Among patients enrolled in the pilot facial acne trial, researchers have observed a 100% responder rate for patients with more than five acne lesions at 4, 8, 12, and 24 weeks post treatment. The average lesion reduction at week 12 was 82% and the mean Visual Analog Scale score immediately after treatment was 2.10 out of 10. Each patient received more than 12,000 trigger pulls of energy from the device with no adverse events.

“This laser is absorbed in the near-infrared spectrum, so there is no melanin absorption,” Dr. Sakamoto explained. “It’s pretty much a color-blind laser, so we can treat darker skin types safely, with no side effects.” In other findings, researchers observed a 45% reduction in acne lesions after one treatment session, which “keeps improving over time,” she said. “At 12 weeks, we have clearance of over 80% of the lesions.”

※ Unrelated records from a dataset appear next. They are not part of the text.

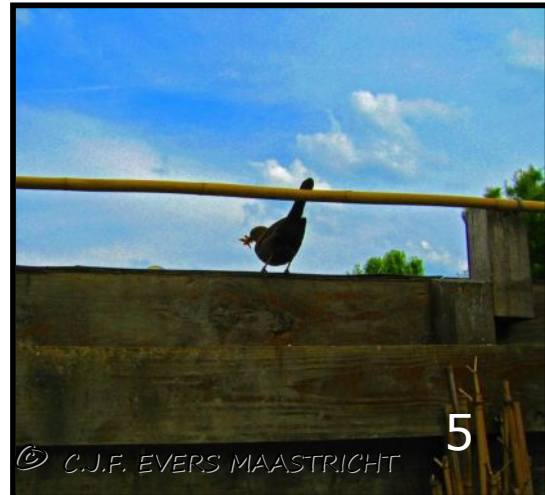
Afb.5 Verreweg de meeste soorten op deze aarde hebben een mannelijke of vrouwelijke partner nodig om zich te reproduceren.

En dan bijvoorbeeld de angeldragers. Legt een vrouwtje/werkster een onbevucht ei dan wordt het een mannelijk individu. Legt een bevrucht vrouwtje (een werkster kan geen bevrucht ei leggen omdat zij niet bevrucht is) een ei, kan zij het sturen om een bevrucht of onbevucht ei te leggen. Legt zij een bevrucht ei dan wordt het een vrouwelijk individu.
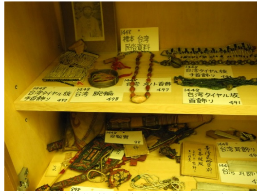
京大總博典藏之台灣原住民文物
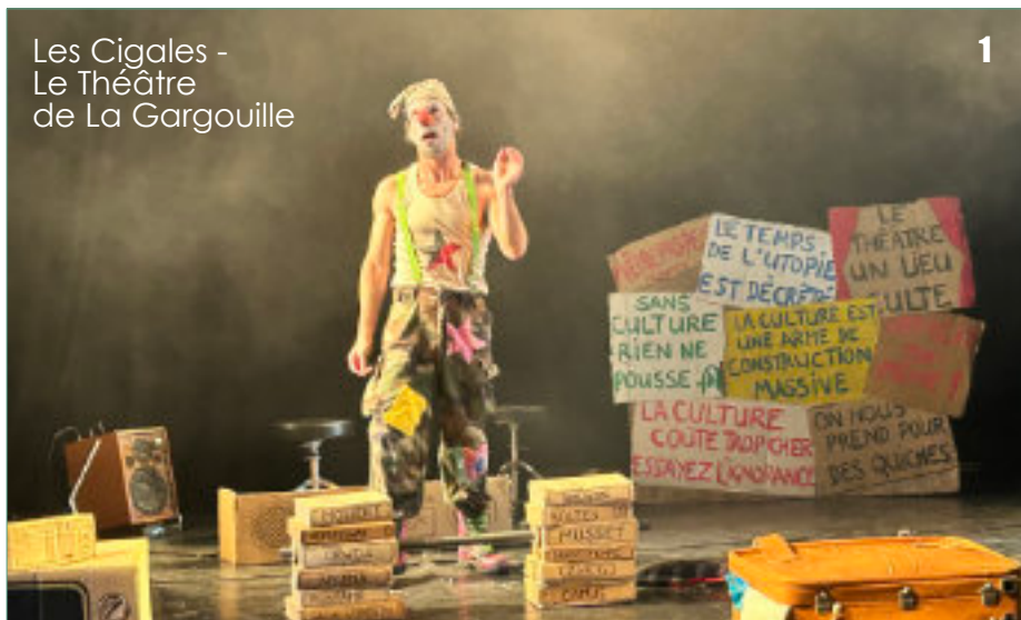
Les Cigales - Le Théâtre de La Gargouille
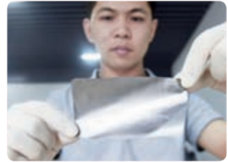
高导热超柔性石墨烯膜
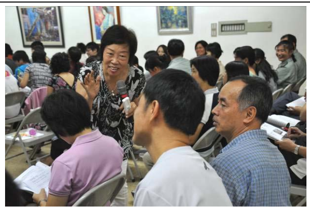
高教授與老師們互動
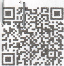
ГРАФИК ПЛАТЕЖЕЙ* к договору (контракту) от 20.01.2022 г. № 14/22

между "Агрозооветсервис" МЧЖ и Янгийул туман Ветеринария булими на общую сумму 3312000,00
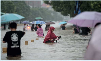
தெரிவித்துள்ளன. சனிக்கிழமை (21) மாணவரின் ஒரு நேற்று முன்தினமியர் வரவு லெங்ஸாங் 617.1 மில்லிமீற்றர் மழை வீழ்ச்சி பதிவாகியுள்ளது.

சீனாவின் மத்திய ஹெனான் மாகாணத்தின் பெருமளவான பகுதிகள் நேற்று (21) மூழ்கியுள்ளன. ஹெனான் மாகாணத்தின் தலைநகரான லெங்ஸாங் மோசாமாகப் பாதிக்கப்பட்டுள்ளது. 1,000 ஆண்டுகளில் இல்லாத கடும் மழையாலேயே இப்பாதிப்புகள் ஏற்பட்டன. மஞ்சள் ஆற்றின் கரையிலுள்ள லெங்ஸாங் நகரத்தில் சுரம்பயாழை ஒன்றி ஏற்பட்ட வெள்ளத்தால் 12 பேர் இறந்ததோடு, 500க்கும் மேற்பட்டோர் பாதுகாப்பாக வெளியேற்றப்பட்டதாக உள்விவரம் அடையாளப்பட்டுள்ளது.
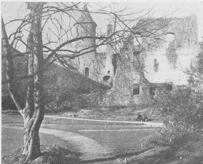
Slottsruinen i Hapsal

Hur fattiga, hur karga dessa stränder, där svenska bönder sedan sekler stred om torvan, vilken årderplojen vänder, om havet, där de sänka näten ned!
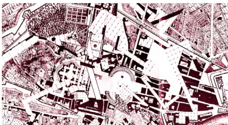
PRODUZIONE DELLA CARTA
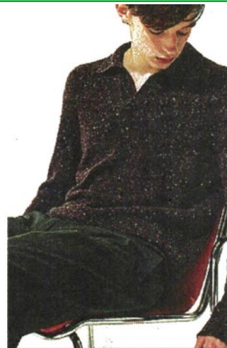
La nuova maglieria di Scaglione
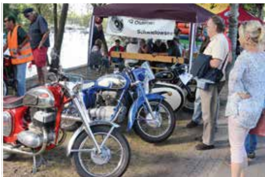
Die „Schätzchen“ der IG Oldtimer zogen die Blicke des Publikums auf sich
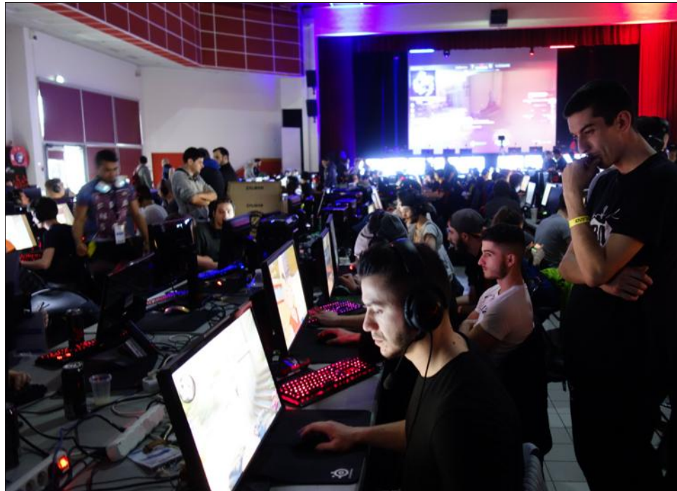
■ 260 joueurs s'affrontent sur petit et grand écran jusqu'à ce soir.

Bienvenue à la 14 e édition d'Epsilon, un grand rendez-vous de "gamers" (joueurs) d'e-sport (sport électronique) qui ouvre la saison du très sérieux circuit des Masters du genre. Les joueurs, qui incarnent des soldats, s'affrontent non-stop, en équipes, sur le jeu Counter-Strike (version "Global offensive"). Un trophée et plusieurs milliers d'euros sont en jeu. Certaines équipes sont composées de joueurs
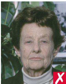
No. 1: el fondo debe ser uniforme
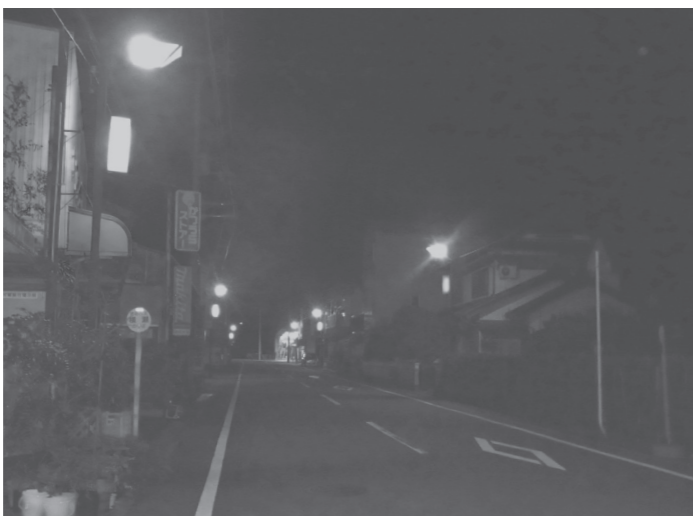
勝浦中央商店街の夜
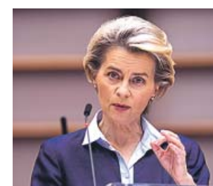
Ursula von der Leyen.

Al mismo tiempo, dio por hecho que la Agencia Europea del Medicamento autorizará el lunes la vacuna de Pfizer y que los países podrán empezar a vacu-
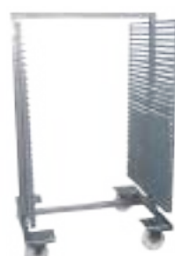
CARRO PARA JERKY BEEF
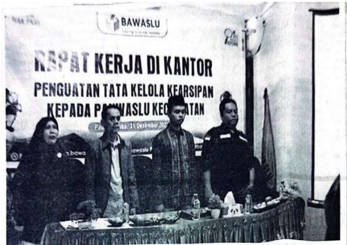
GELAR RAPAT— Rapat Kerja pengelolaan arsip yang dilaksanakan oleh Bawaslu Padang Pariaman, di Pauh Kamba (31/12).
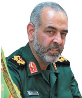
جانشین فرماندهی سپاه حضرت قمر بنی هاشم (ع) مشارکت مردم در انتخابات توپنه‌های دشمنان را خنثی می‌کند
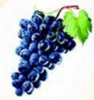
Гроздобер в Южен Сакар

9 - 10 септември 2017 г., Харманли, парк "Димана Данева"
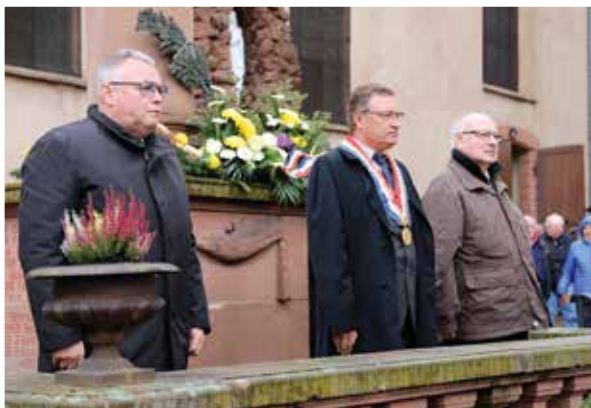
Cérémonie du 11 novembre

Pour la cinquième année consécutive, dans le centre historique de notre ville, l'association « Les pros des 3 portes », réunissant 22 artisans, commerçants et indépendants de Boersch, Klingenthal et Saint Léonard, a invité la population à partager un moment convivial et chaleureux lors de son marché de Noël. Une façon originale de se faire connaître, de promouvoir les entreprises et les commerces de nos communes, de présenter leur savoir-faire et leurs compétences. Tout au long du week-end, la population a pu apprécier les créations artisanales, les produits du terroir et ceux de Châtel, dans le cadre de notre jumelage. De nombreuses animations ont été proposées : concerts, contes gratuits, promenades en poney, présence du Père Noël et ce jusqu'à la tombée de la nuit, sous les illuminations de la place de l'Hôtel de ville.
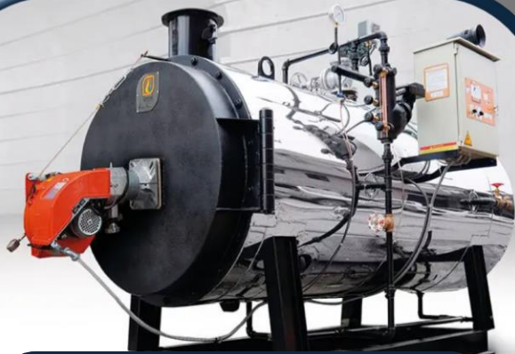
CALDERAS DE VAPOR , AGUA CALIENTE, ACEITE TERMICO
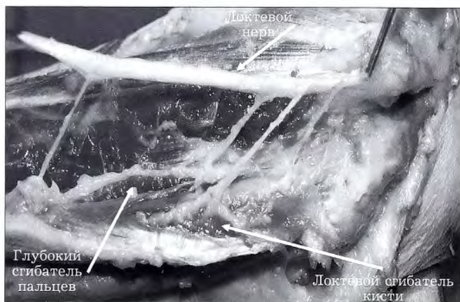
Рис. 2. Препарированный локтевой нерв и его мышечные ветви (мужской труп, левое предплечье).

отходящий от срединного нерва в проксимальном отделе предплечья. Топографическую анатомию переднего межкостного нерва и его ветвей не изучали, так как она описана в большом анатомическом исследовании T. Essa и соавт. [13].
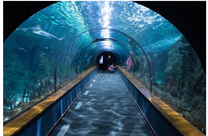
Haifischtunnel im Loro Parque
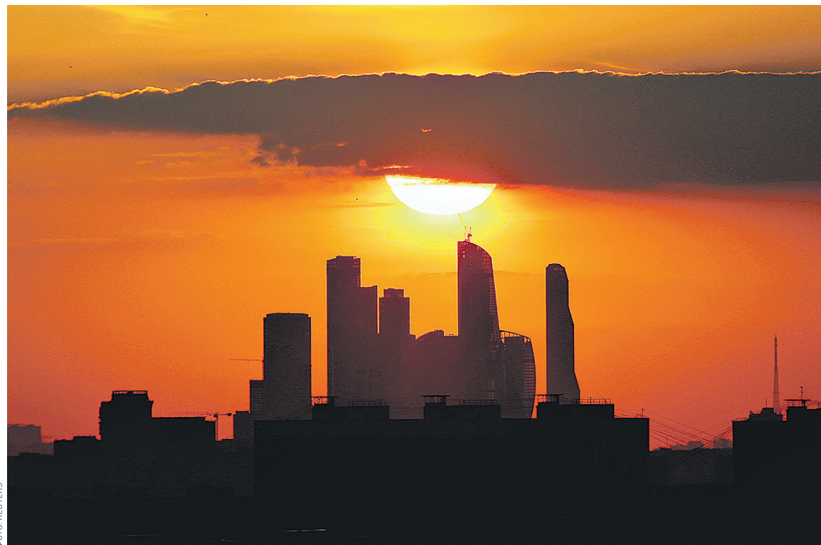
Суммарная выручка компаний – участниц рейтинга РБК 500 равна 79% российского ВВП за 2015 год

Тем не менее количество компаний, чья выручка растет, снизилось в рейтинге РБК по сравнению с 2014 годом с 397 до 375, а число предприятий с падающими продажами, напротив, выросло с 93 до 113. Изменился
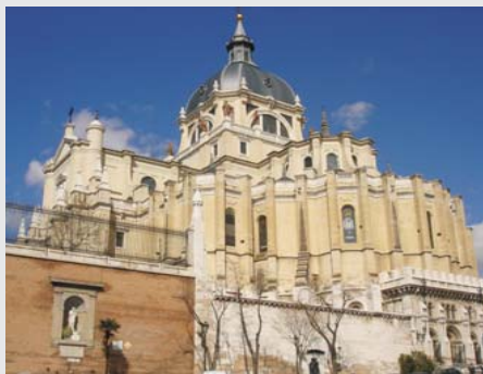
Cripta y Catedral de Santa María la Real de La Almdena (Madrid), construida con materiales pétreos naturales.
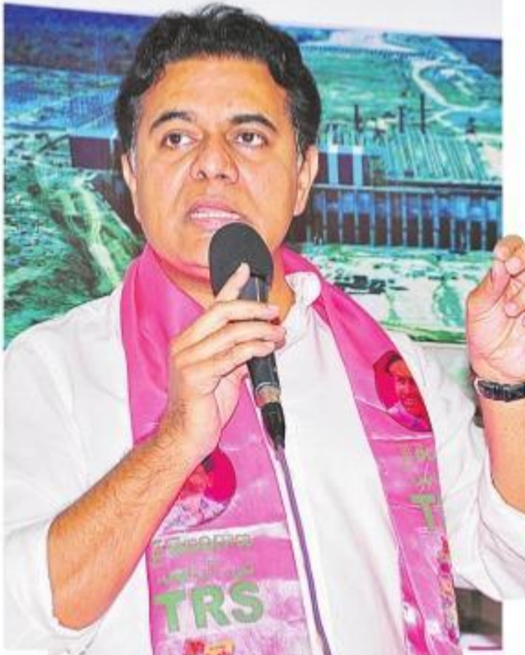
హైదరాబాద్, నమస్తే తెలంగాణ:

‘కేంద్రంలో ఆరేండ్ల పాలనలోని ఆరుబడ్డెట్లలో తెలంగాణకు చట్టప్రకారం, రాజ్యాంగం ప్రకారం రావాల్సిన దానికంటే అరపైసా అదనంగా ఇచ్చారా? అని బీజేపీ ప్రభుత్వాన్ని టీఆర్ఎస్ చర్చింగ్ ప్రసిడెంట్, ఐటీ, చరిత్రను లక్ష్యాలు మంత్రి శ్రీ తారకరామారావు ప్రశ్నించారు. రంగారెడ్డి జిల్లాలో ఏర్పాటుచేస్తున్న ప్రపంచంలోనే అతిపెద్ద ఫార్మాసిటీకి రూ.3-4వేల కోట్లు కావాలని ఆడిగితే, మూడు పైసలు కూడా ఇవ్వలేదని, హైదరాబాద్ నుంచి వరంగల్, నాగార్జున, బెంగళూరుకు మూడు పారిశ్రామిక కారిడార్ల ఏర్పాటుకు సాయపడిగితే మొండిచేయి చూపారని ధ్వజమెత్తారు. మిషన్ కేరళ, మిషన్ కాశీ యకు రూ. 24వేల కోట్లు ఇవ్వాలని కేంద్రప్రభుత్వమే ఏర్పాటుచేసిన నీతి ఆయోగ్ సిఫారసు చేస్తే, 24 పైసలైనా బీజేపీ ప్రభుత్వం ఇచ్చిందా? అని నిలదీ
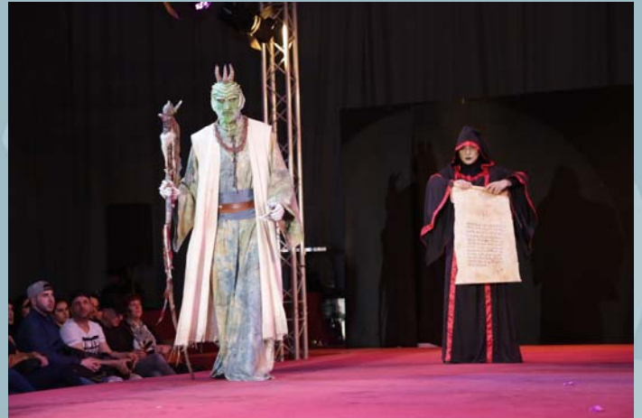
3er Premio Concurso Maquillaje Caracterización
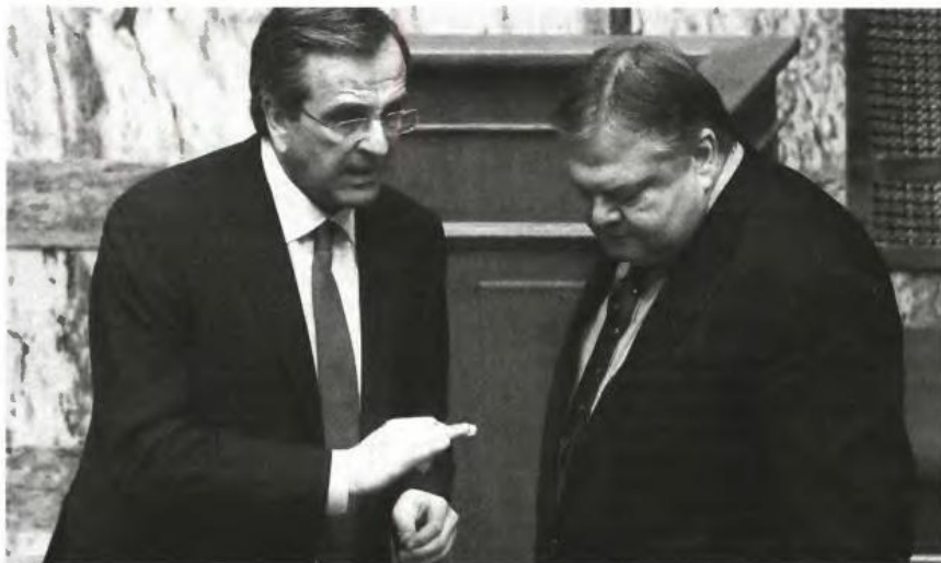
▲ Ο ΑΝΤΩΝΗΣ ΣΑΜΑΡΑΣ κατέστησε σαφές στους άλλους δύο πολιτικούς αρχηγούς ότι τα χρονικά περιθώρια έχουν στενέψει επικίνδυνα και πρέπει να υπάρξει άμεσα απόφαση για τα μέτρα

αύξηση των ορίων ηλικίας στα 66 ή στα 67 από το να προχωρήσει σε απολύσεις στο Δημόσιο. Επίσης, οι εκπρόσωποι των δανειστών μας υπαναχώρησαν -επί του παρόντος- από τη θέση τους για νέες αλλαγές στα εργασιακά (μείωση αποζημιώσεων, εξαήμερη εργασία κ.λπ.), γεγονός που διευκολύνει τον πρωθυπουργό και τους κ. Βενιζέλο και Κουβέλη στη λήψη των αποφάσεων τους.
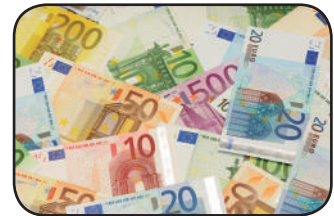
Moneda de la UE

Junto a ellos están: el Tribunal de Justicia de la Unión Europea, el Tribunal de Cuentas y el Banco Central Europeo, el Consejo, la Comisión Europea. A pesar de los avances hechos en política europea de defensa y seguridad, sigue sin existir un ejército puramente europeo. Esto es, una fuerza militar apoyada y financiada por los Estados miembros de la Unión Europea, y que actuaría directamente bajo las directrices de la UE. La principal alianza militar en Europa sigue siendo la OTAN, que incluye 21 de los 28 Estados miembros de la UE, así como otros terceros países europeos, Estados Unidos y Canadá.
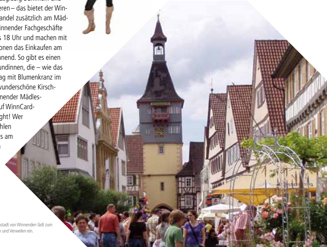
Die Innenstadt von Winnenden lädt zum Einkauf und Verweilen ein.
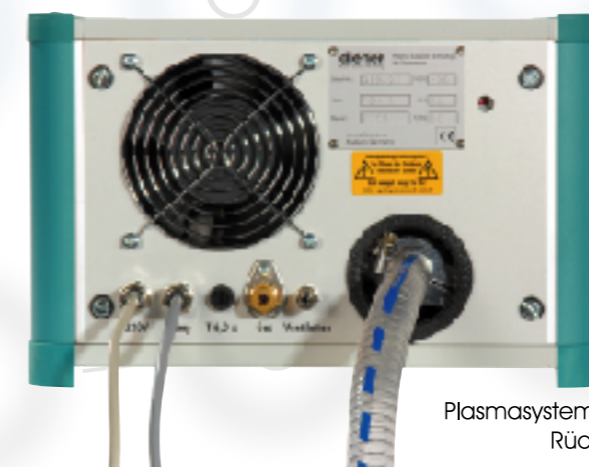
Plasmasystem Femto: Rückansicht
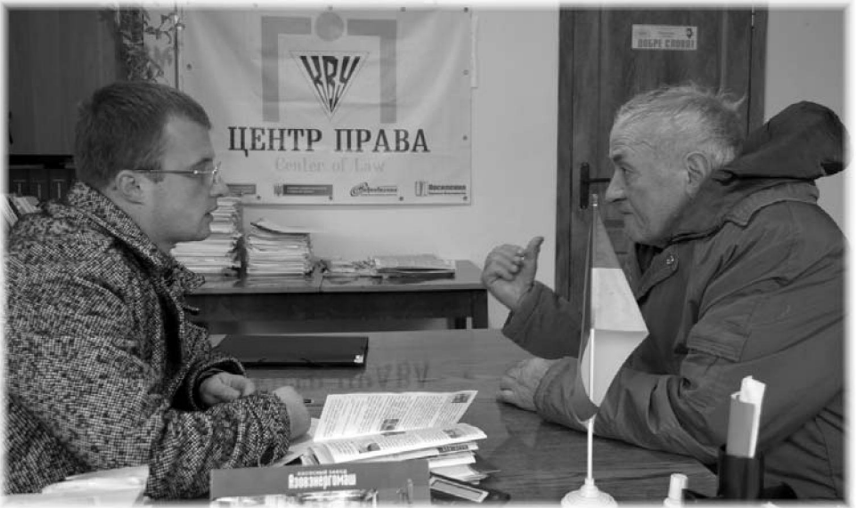
На фото: надання правової консультації під час виїздного прийому (Котовський район)
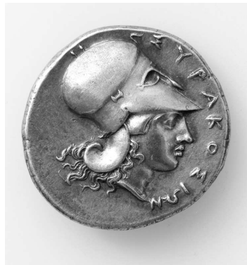
Abb. 1a-b: Zwei der frisch restaurierten Münzen, die von der sizilischen Stadt Syrakus geprägt wurden.
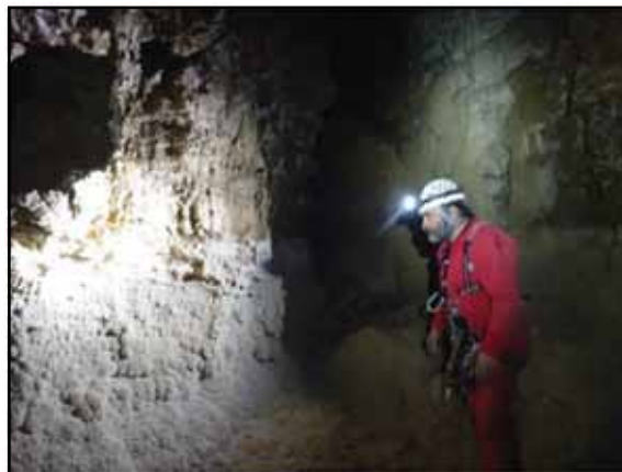
Figura 7: Bany de Cleopatra, pared lateral con detalle de las formaciones.

En la parte alta de este pozo, unos 3 metros por debajo de la gatera desobstruida
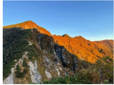
熊沢岳以北のモルゲンロート

At 12 months, they observed a 90% inflammatory lesion count reduction from baseline and a rapid response to treatment: a 73% reduction achieved after the first two treatment sessions. Histological studies revealed selective sebaceous gland destruction with no damage to the epidermis, surrounding dermis, or other follicular structures.

Dr. Sakamoto disclosed that she has received portions of patent royalties from Massachusetts General Hospital. Accure was cofounded by R. Rox Anderson, MD, the director of the Wellman Center.